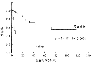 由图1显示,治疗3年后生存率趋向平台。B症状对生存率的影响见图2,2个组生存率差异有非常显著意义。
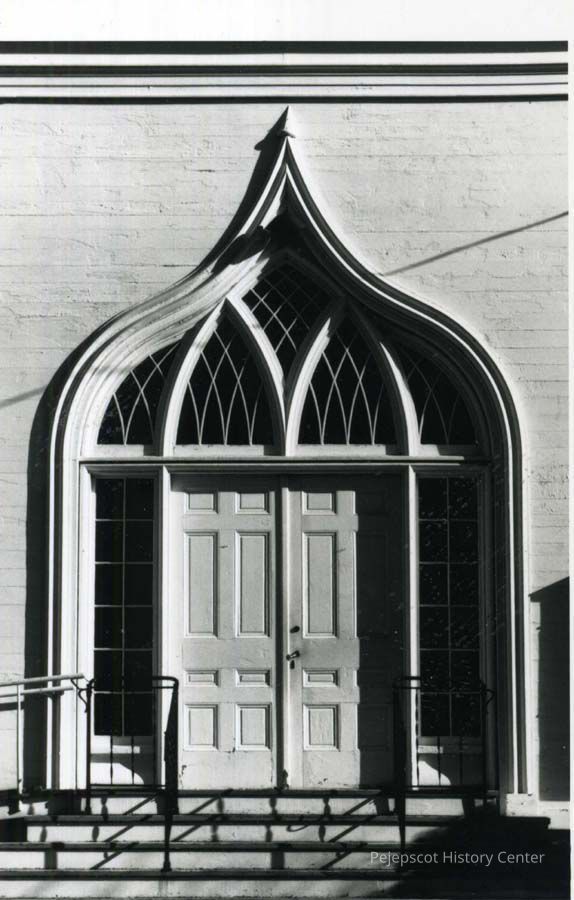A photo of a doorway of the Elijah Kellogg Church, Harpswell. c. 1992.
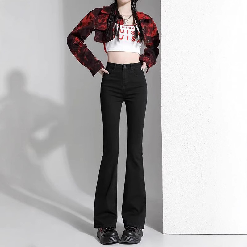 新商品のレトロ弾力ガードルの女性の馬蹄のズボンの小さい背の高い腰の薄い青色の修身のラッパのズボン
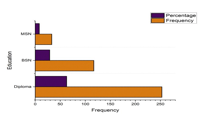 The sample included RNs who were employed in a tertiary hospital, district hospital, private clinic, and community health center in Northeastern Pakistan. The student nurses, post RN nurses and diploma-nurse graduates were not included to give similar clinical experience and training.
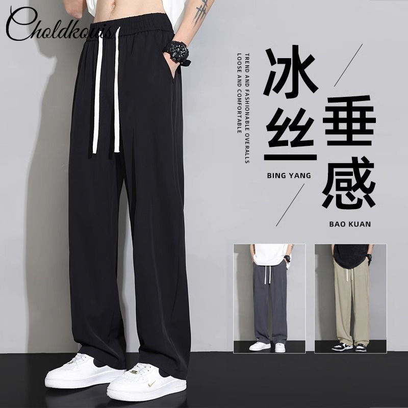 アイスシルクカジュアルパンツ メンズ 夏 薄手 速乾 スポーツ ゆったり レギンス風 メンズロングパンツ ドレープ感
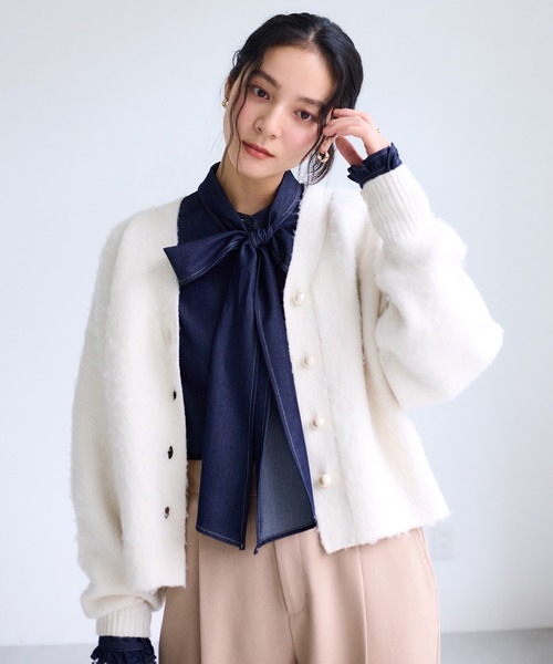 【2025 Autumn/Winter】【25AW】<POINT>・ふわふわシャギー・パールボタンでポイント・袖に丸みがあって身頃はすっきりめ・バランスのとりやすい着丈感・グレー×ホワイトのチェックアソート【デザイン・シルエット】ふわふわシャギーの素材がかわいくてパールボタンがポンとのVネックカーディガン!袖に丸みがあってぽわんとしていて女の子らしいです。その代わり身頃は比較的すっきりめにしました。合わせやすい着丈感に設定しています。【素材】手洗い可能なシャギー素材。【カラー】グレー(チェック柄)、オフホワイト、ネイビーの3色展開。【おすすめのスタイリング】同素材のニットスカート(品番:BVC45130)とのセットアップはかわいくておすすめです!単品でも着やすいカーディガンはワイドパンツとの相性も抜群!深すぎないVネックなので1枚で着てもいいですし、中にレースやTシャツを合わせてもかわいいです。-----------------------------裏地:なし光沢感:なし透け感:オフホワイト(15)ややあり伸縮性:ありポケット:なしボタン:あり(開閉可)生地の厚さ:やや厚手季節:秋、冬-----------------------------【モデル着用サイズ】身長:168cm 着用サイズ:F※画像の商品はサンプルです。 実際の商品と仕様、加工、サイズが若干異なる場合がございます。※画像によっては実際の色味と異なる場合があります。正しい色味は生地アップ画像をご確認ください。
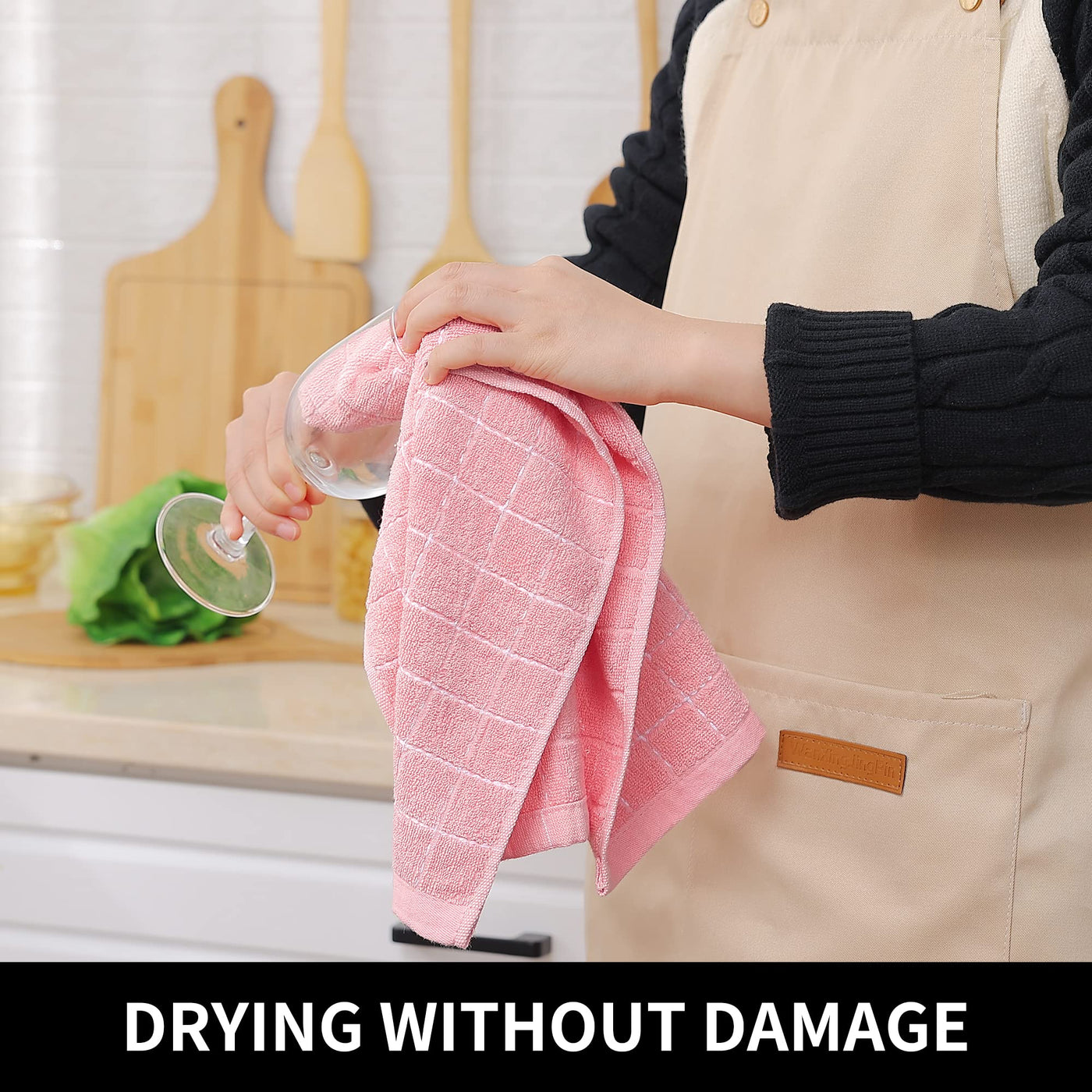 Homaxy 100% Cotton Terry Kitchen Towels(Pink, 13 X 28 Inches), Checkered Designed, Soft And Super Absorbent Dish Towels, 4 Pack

....

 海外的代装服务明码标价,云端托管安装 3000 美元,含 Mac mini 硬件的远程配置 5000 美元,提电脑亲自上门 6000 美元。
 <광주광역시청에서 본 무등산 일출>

....

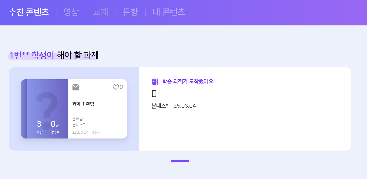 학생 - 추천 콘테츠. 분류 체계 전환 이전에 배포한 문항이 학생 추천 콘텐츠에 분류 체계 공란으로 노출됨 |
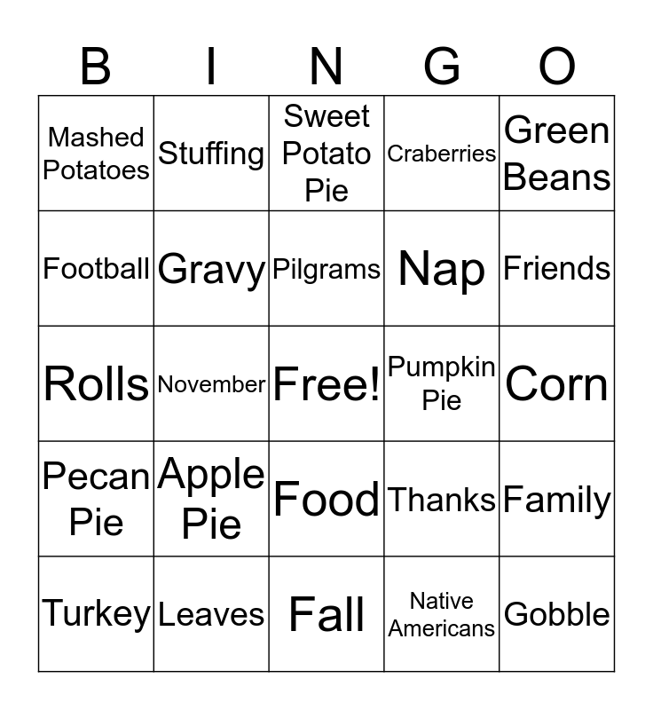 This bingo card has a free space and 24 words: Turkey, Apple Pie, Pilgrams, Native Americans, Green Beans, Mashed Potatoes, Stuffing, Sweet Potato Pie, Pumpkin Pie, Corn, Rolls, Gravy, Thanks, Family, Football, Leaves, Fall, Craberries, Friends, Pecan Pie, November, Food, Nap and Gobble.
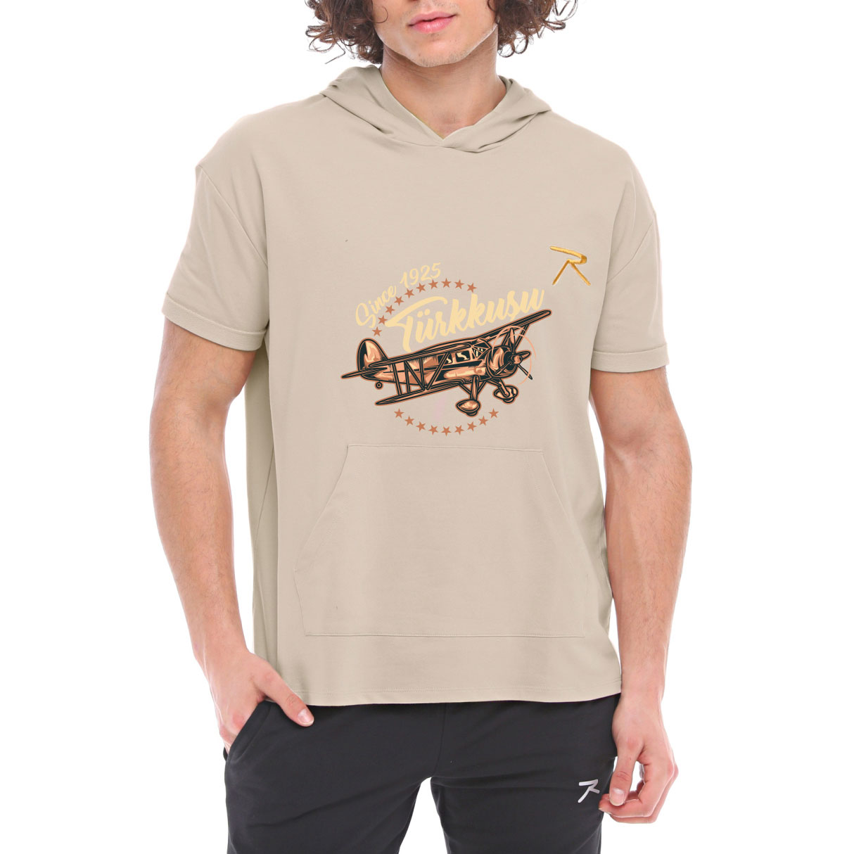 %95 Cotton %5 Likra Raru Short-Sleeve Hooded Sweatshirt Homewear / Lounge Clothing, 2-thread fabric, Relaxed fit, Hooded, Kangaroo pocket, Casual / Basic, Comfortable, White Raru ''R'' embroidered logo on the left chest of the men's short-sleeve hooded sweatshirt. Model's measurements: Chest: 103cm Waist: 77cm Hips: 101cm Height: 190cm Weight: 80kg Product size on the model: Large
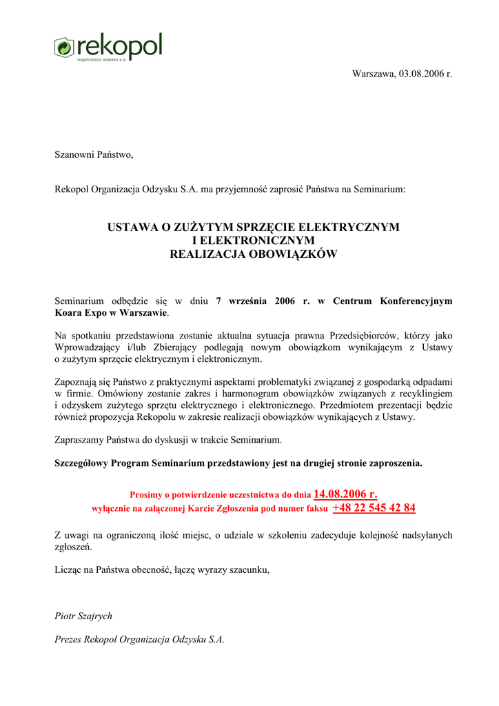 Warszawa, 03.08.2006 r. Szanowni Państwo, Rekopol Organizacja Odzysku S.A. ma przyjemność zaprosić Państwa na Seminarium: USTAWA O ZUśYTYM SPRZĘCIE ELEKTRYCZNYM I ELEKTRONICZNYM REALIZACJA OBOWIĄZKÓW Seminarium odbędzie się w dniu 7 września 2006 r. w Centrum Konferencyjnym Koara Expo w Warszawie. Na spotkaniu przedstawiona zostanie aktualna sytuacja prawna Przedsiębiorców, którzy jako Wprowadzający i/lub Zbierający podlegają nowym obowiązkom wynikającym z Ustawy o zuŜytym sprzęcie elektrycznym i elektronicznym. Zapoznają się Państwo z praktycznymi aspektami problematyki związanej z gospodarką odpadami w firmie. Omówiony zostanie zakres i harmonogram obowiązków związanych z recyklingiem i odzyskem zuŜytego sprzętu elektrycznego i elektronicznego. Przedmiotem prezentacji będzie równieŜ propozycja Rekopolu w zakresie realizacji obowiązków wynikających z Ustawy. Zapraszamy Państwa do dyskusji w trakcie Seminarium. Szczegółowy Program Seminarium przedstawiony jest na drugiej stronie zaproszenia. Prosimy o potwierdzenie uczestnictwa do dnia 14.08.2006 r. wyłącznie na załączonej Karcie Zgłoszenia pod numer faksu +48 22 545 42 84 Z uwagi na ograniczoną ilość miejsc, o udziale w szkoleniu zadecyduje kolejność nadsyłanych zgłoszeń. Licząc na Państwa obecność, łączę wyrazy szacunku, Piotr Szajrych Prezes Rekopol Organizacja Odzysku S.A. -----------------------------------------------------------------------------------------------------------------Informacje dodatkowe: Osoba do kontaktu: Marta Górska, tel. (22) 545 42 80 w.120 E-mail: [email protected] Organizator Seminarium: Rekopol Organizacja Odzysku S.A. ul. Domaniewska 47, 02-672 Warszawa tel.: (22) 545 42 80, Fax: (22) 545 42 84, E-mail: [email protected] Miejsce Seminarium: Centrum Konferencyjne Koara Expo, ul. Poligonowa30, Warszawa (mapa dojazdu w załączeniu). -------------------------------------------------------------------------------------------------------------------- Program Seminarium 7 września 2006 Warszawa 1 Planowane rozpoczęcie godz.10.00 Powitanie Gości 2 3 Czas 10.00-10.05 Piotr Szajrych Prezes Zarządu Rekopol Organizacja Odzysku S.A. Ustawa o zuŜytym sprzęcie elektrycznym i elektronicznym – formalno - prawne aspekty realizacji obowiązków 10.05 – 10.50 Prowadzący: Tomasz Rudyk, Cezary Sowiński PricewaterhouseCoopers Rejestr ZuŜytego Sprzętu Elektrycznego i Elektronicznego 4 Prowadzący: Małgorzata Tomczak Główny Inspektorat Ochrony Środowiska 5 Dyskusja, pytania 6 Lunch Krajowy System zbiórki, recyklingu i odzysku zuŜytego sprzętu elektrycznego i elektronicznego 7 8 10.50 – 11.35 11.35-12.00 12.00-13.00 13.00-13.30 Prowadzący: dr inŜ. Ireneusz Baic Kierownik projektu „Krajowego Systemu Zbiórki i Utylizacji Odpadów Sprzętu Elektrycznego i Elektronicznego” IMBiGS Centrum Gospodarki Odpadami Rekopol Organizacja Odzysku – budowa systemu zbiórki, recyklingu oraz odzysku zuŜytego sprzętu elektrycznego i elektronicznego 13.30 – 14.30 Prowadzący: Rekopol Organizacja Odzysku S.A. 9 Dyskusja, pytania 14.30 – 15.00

....

> **WHAT NEEDS TO BE DONE**
What you return must match, character for character, the lines above from the one with "由图1显示,治疗3年后生存率" through the one with "新商品のレトロ弾力ガードルの", minus any pictures.

> **YOUR RESPONSE**
 由图1显示,治疗3年后生存率趋向平台。B症状对生存率的影响见图2,2个组生存率差异有非常显著意义。
A photo of a doorway of the Elijah Kellogg Church, Harpswell. c. 1992.
 新商品のレトロ弾力ガードルの女性の馬蹄のズボンの小さい背の高い腰の薄い青色の修身のラッパのズボン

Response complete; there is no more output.